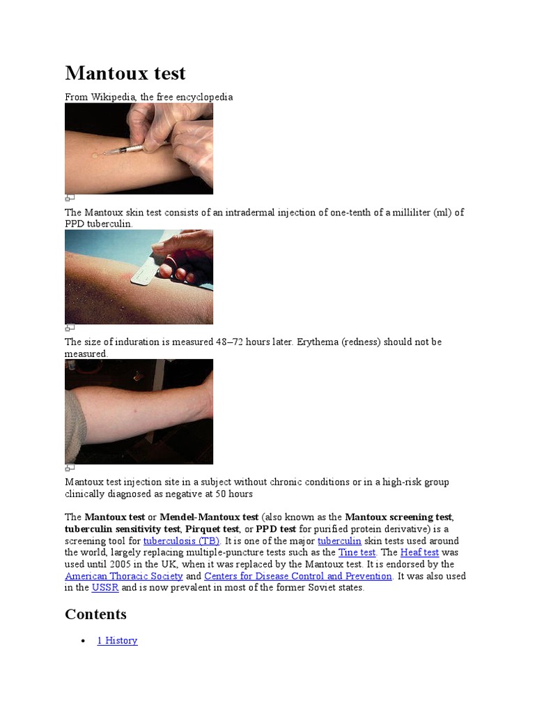 Der Test dient dazu eine durchgemachte Tuberkulose-Erstinfektion oder eine Tuberkulose-Impfung zu beweisen. Look through examples of Mendel-Mantoux-Test translation in sentences listen to pronunciation and learn grammar. For the test 01ml 5 units of purified tuberculin are injected intradermally at the inner side of the forearm.
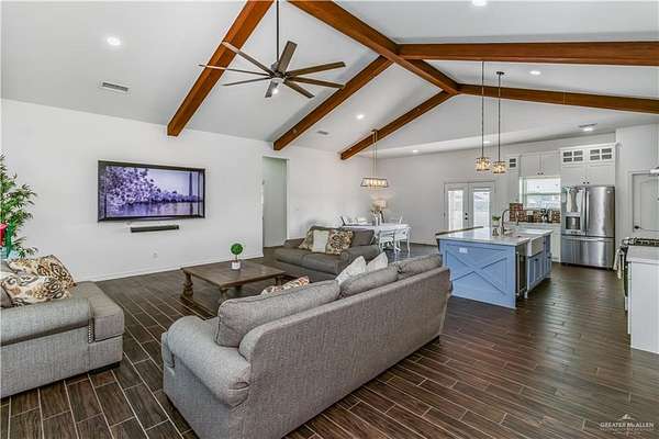 Experience refined country living on 2 fully fenced acres within city limits. This modern farmhouse offers 3 bedrooms, 2.5 baths, and a desirable split-bedroom layout designed for both privacy and connection. The open-concept living space is filled with natural light, creating an inviting setting for family gatherings and entertaining. The chef-inspired kitchen flows seamlessly into the dining and living areas, making everyday moments feel special. The primary suite is a private retreat featuring a spacious walk-in closet, double vanity, garden tub, frameless glass shower, and private commode. Secondary bedrooms are thoughtfully positioned for comfort and functionality. Animals are permitted, offering space for children to explore and room to grow. A storage shed adds convenience, while the expansive acreage provides endless possibilities for outdoor living and lasting memories. Schedule your Tour Today!
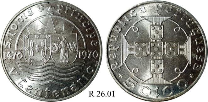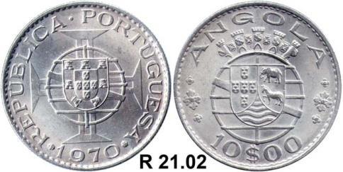 CUPRO-NÍQUEL 2$50 - 2½ ESCUDOS Peso: 3.5 g Ø: 20 5$00 – 5 ESCUDOS Peso: 7.0g Ø: 25 10$00 – 10 ESCUDOS Peso: 9.0g Ø: 28 1970 Bela R 11.01 1970 Bela ..…………………………… R 13.01 1970 Bela
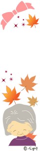 秋のバナー制作のフリー素材:大人可愛いリボンと紅葉とおばあちゃんのイラスト;160×600pix

→ Brief: Reproduce each line above exactly, but not a single picture.

→ Task solution:
 Der Test dient dazu eine durchgemachte Tuberkulose-Erstinfektion oder eine Tuberkulose-Impfung zu beweisen. Look through examples of Mendel-Mantoux-Test translation in sentences listen to pronunciation and learn grammar. For the test 01ml 5 units of purified tuberculin are injected intradermally at the inner side of the forearm.
 Experience refined country living on 2 fully fenced acres within city limits. This modern farmhouse offers 3 bedrooms, 2.5 baths, and a desirable split-bedroom layout designed for both privacy and connection. The open-concept living space is filled with natural light, creating an inviting setting for family gatherings and entertaining. The chef-inspired kitchen flows seamlessly into the dining and living areas, making everyday moments feel special. The primary suite is a private retreat featuring a spacious walk-in closet, double vanity, garden tub, frameless glass shower, and private commode. Secondary bedrooms are thoughtfully positioned for comfort and functionality. Animals are permitted, offering space for children to explore and room to grow. A storage shed adds convenience, while the expansive acreage provides endless possibilities for outdoor living and lasting memories. Schedule your Tour Today!
 CUPRO-NÍQUEL 2$50 - 2½ ESCUDOS Peso: 3.5 g Ø: 20 5$00 – 5 ESCUDOS Peso: 7.0g Ø: 25 10$00 – 10 ESCUDOS Peso: 9.0g Ø: 28 1970 Bela R 11.01 1970 Bela ..…………………………… R 13.01 1970 Bela
 秋のバナー制作のフリー素材:大人可愛いリボンと紅葉とおばあちゃんのイラスト;160×600pix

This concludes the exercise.